At SignalFx, users send high-volume high-resolution infrastructure and application metrics into the service at up to one-second resolution. Those metrics are then processed by our streaming analytics engine, SignalFlow, and simultaneously visualized in streaming charts. Our ingest pipeline is responsible for consuming and aggregating all this data as it comes in and making it available for the other services that make up SignalFx for consumption and processing. The ingest pipeline has to handle this enormous volume and variety of data at near-real-time velocity.
This is the first in a series of posts that will look at how we scaled part of the ingest pipeline. The series will cover topics ranging from using fixed-size ring-buffers for inter-thread communication to designing cache-efficient data structures:
- Identifying bottlenecks
- Changing the system to allow linear scaling
- Changing internal data structures for better performance
Quantizer: A Brief Introduction
Quantizer is one of more than a dozen microservices that make up SignalFx. It’s a relatively simple service that is fed with raw time series data and does some simple math to make sure that data is consumable by downstream services like our time series database or analytics service by aligning datapoints to the right time segments.There’s always some jitter and lag with transporting metrics from users to SignalFx. Quantizer makes sure that the right datapoints end up in the right time segments, down to the second, so that when users try to chart, run analytics against, and alert on them downstream–the right datapoints are being compared to each other.

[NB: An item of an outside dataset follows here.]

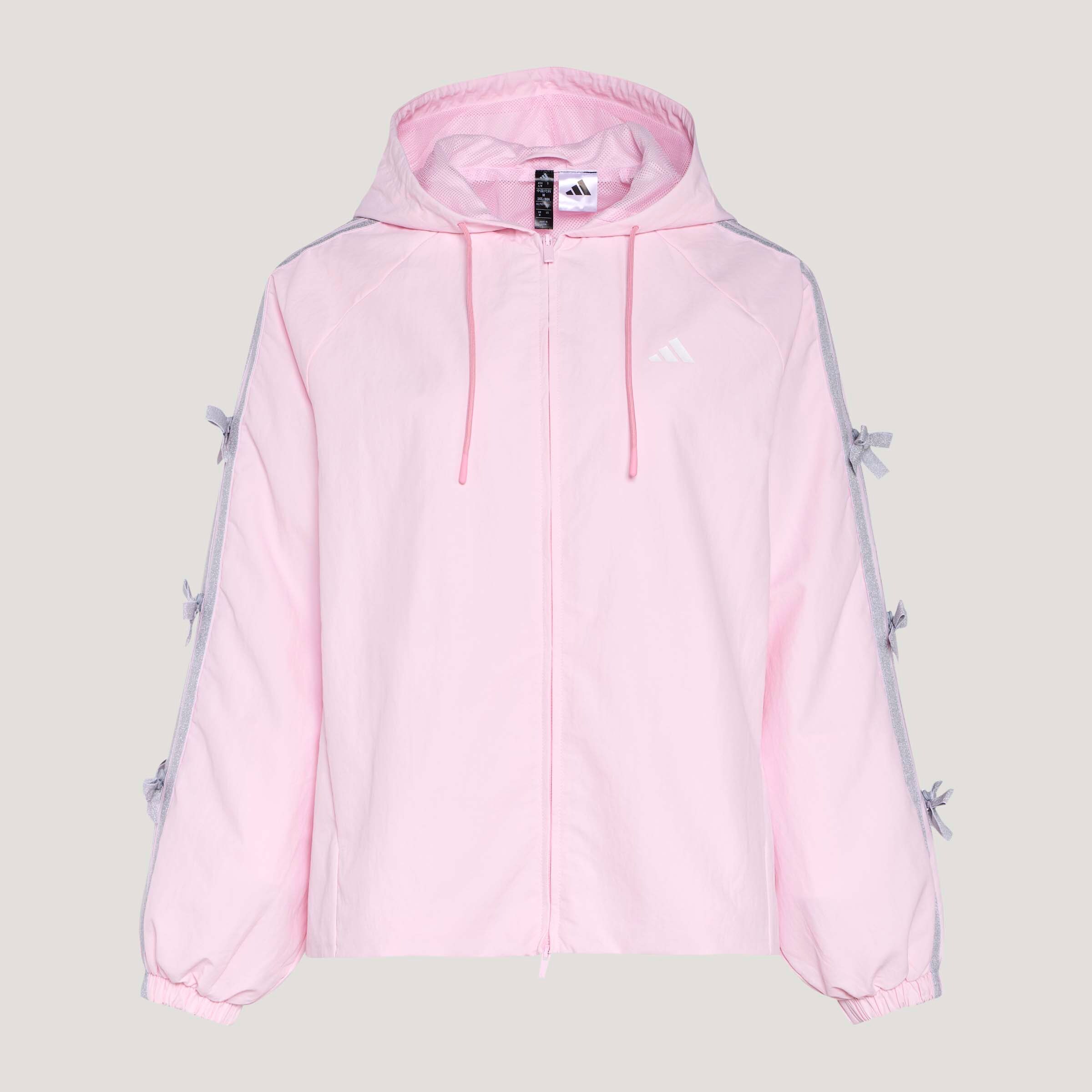 Adidas阿迪达斯DANCE LONG LENGTH JACKET 三条纹舞动系列拒水蝴蝶结运动休闲连帽夹克早春薄外套
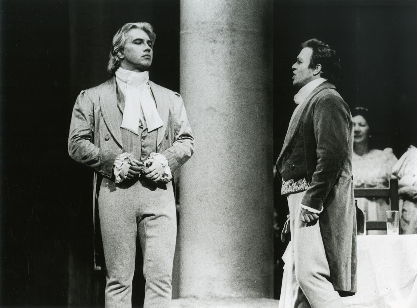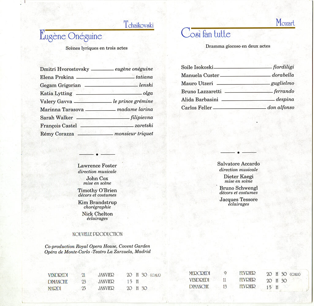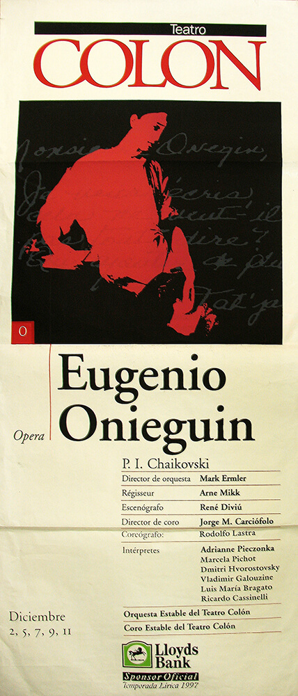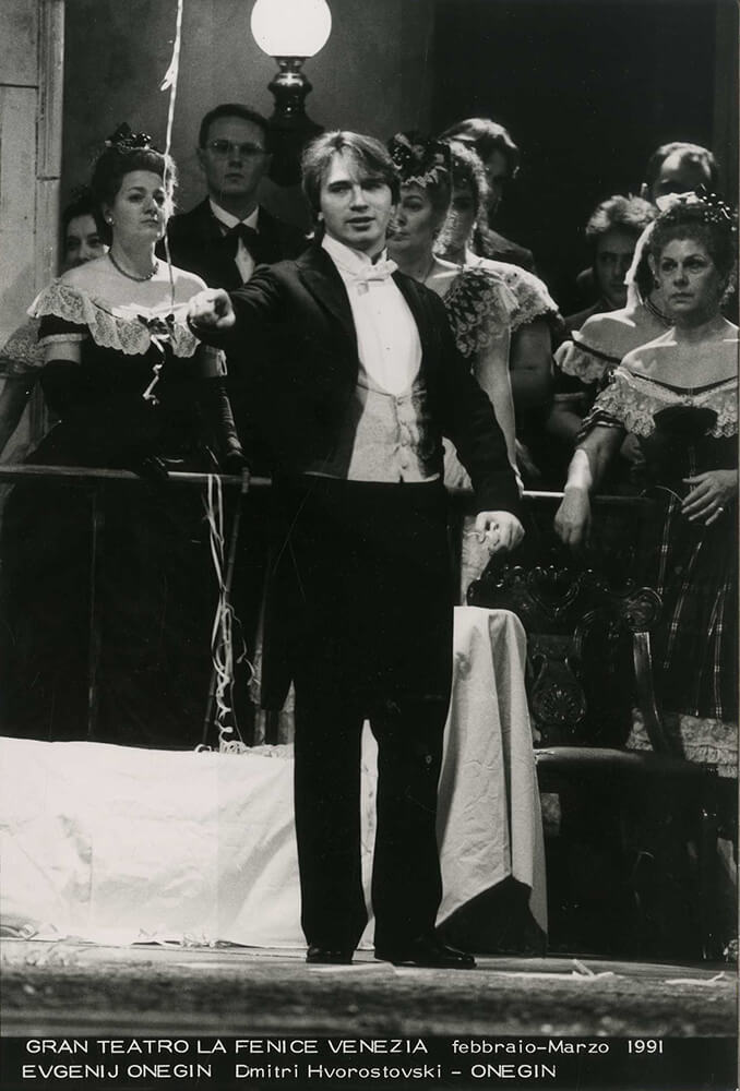 Одна из ранних и любимых опер Дмитрия Хворостовского – «Евгений Онегин» П.И. Чайковского. Первое исполнение партии Онегина состоялось в 1988 году на сцене Красноярского театра оперы и балета. Отметим, что красноярцы любили этот спектакль с Онегиным – Хворостовским так же сильно, как и «Травиату», где Хворостовский великолепно исполнял Жермона.

The workload is characterized by very simple math work on a per transaction basis, but performed on a large number of transactions per second. In this post, we will specifically look at the library that does this transformation, but not the server in which it is embedded.
Why did we need improvements?
Given the simplicity of the workload, we initially expected that a small tier of machines would sufficiently host the service. However, we were surprised to find that this service was CPU-bound. We were never able to push an eight-core server to over 25,000 transactions/second.
What did the profiler say?
At this point, like all good engineers, we pulled out the trusty profiler. To our disappointment, there were no big hotspots at which we could wave our shiny optimization wand to make the problems disappear. The highest at which any one method stood was about 4%. The profile was full of low single-digit percentage methods.
We were convinced we were doing something wrong, but firmly believed that a million transactions per second was possible given simple-math the workload. Because the profiler couldn’t illuminate bad code with a spotlight, we turned to doing experiments and microbenchmarks. However, microbenchmarks are nearly impossible to get right, especially on just-in-time environments like the JVM. Some issues include:
Generating accurate workloads
Details like the nature of the data, the timing of the data, and the ordering of how the data is fed in can change results tremendously. We record all our incoming data to a journal along with timing information. This was a great source of data for us because it accurately captured our workload. Our benchmarks involved reading data from this journal and feeding our library with it. If you don’t have this data, a good first step might be feeding the benchmark with randomized data in a randomized order.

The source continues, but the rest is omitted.